Эту книгу и сейчас интересно читать — так много в ней рассказов об удивительных находках Палласа. Он первым из учёных подробно и точно описал сайгака — антилопу со вздутой, как будто горбатой, мордой и похожим на небольшой хобот носом. Только недавно учёные узнали, зачем сайгаку такой нос. Когда огромное стадо сайгаков мчится по степи, оно поднимает столько пыли, что впору задохнуться. Но сайгаку хоть бы что. Ведь почти половина его морды — это огромная носовая полость, устроенная так, что при дыхании вся попавшая туда пыль выдувается.

А в степях за Байкалом Паллас увидел около чьих-то норок множество стожков сена, по колено человеку, порой аккуратно придавленных камешком. Интересно, кто их собрал? И вот, неподвижно сидя около нор, он увидел, как из них выходят небольшие жёлто-коричневые зверьки с круглыми ушами. Посвистывая, как будто щебеча, они разбегаются по лугу, своими острыми зубами срезают самые нежные и сочные травинки и сносят их в стожки — заготовляют себе корм на зиму.

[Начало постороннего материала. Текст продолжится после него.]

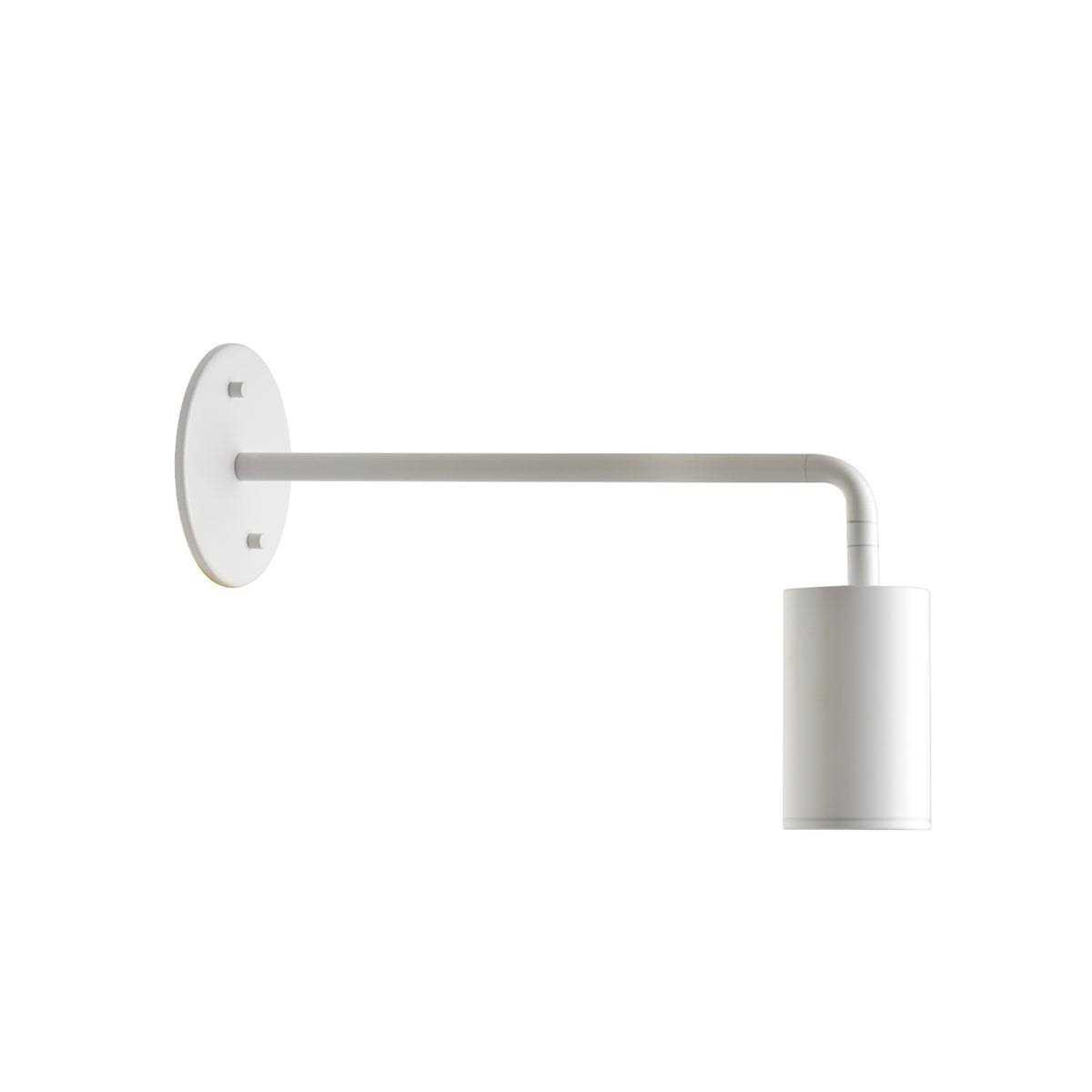 Cylindrical lamp head with recessed bulb socket. Circular attachment plate with vertical stem. Powder-coat finish. Adjustable directional light (90 Degrees).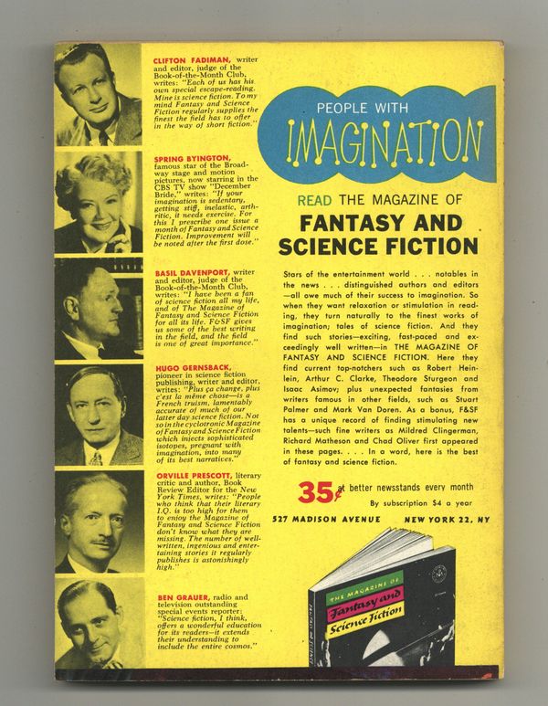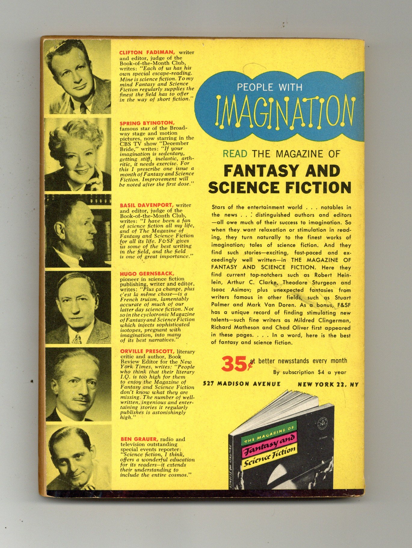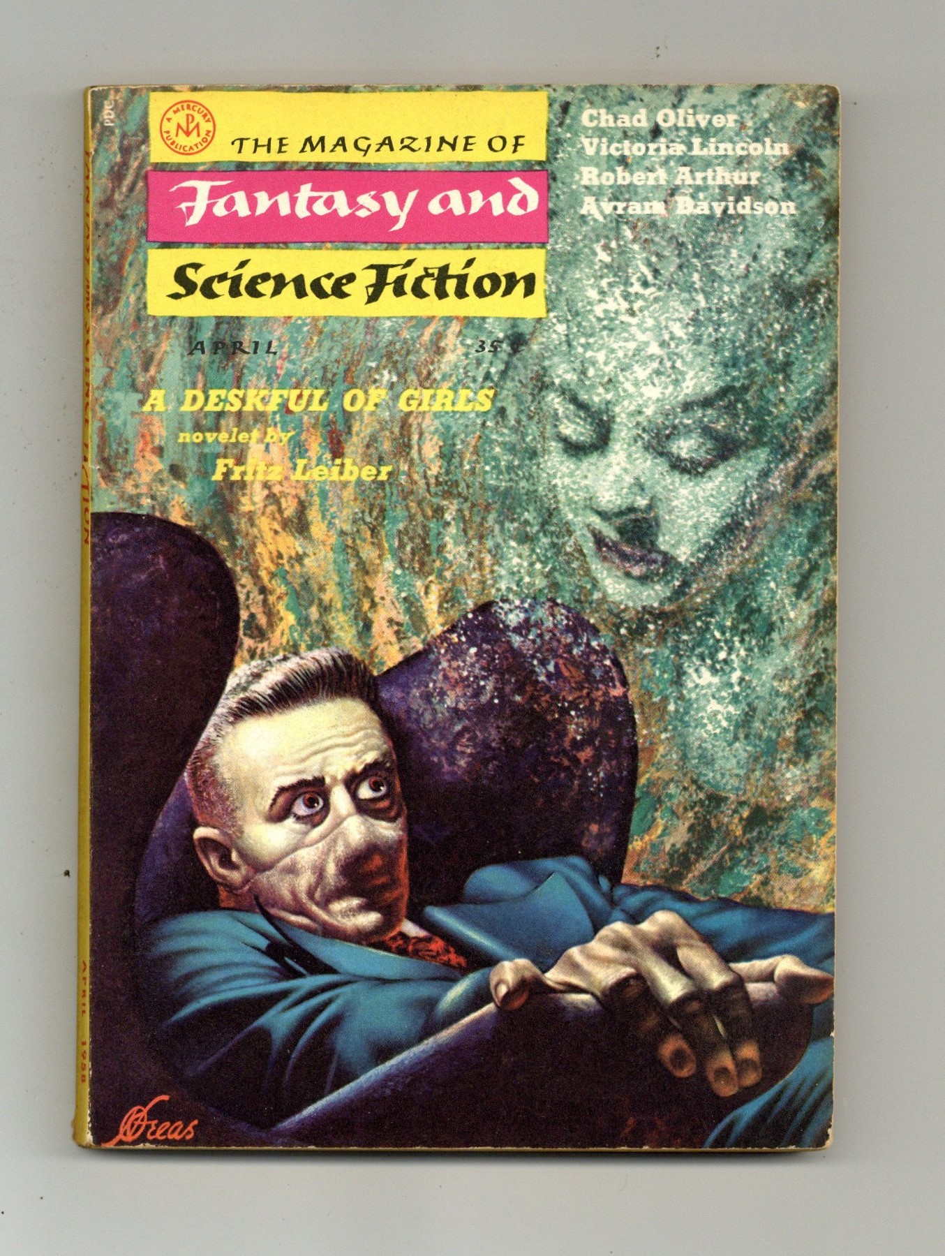 Volume 14, Issue 4 - March 1958. Cover by Kelly Freas. Fantasy and science fiction stories by Chad Oliver, Robert Arthur, Avram Davidson, Kit Reed, Victoria Lincoln, Mararet St. Clair (as Idris Seabright), Mark Van Doren, Arthur Oesterreicher, Fritz Leiber and Brian W. Aldiss. Softcover, 5 1/2-in. x 7 1/2-in., 128 pages, B&W. Cover price $0.35.

Местные жители, буряты, называют их «оготона», и научное название им дали такое же — «охотона». По-русски этих зверьков зовут пищухами, или сеноставками, и есть среди них сеноставка Палласа, названная в честь неутомимого исследователя.

Очень интересно он пишет о хомячках, которые роют под степными травами свои норы-коридоры с каморками, в которые собирают съедобные коренья на зиму. А осенью, когда хомячки наполнят свои амбары, люди ходят по степи и отыскивают эти кладовые. Но они, по крайней мере, не трогают хомячков. А вот кабаны, отыскав такой склад, съедают его вместе с хозяином.

На Байкале Паллас первым из учёных увидел странную рыбу голомянку — бледно-розовую, почти прозрачную и удивительно жирную. Жаришь, а на сковородке одни кости и жир — причём не простой, а целебный.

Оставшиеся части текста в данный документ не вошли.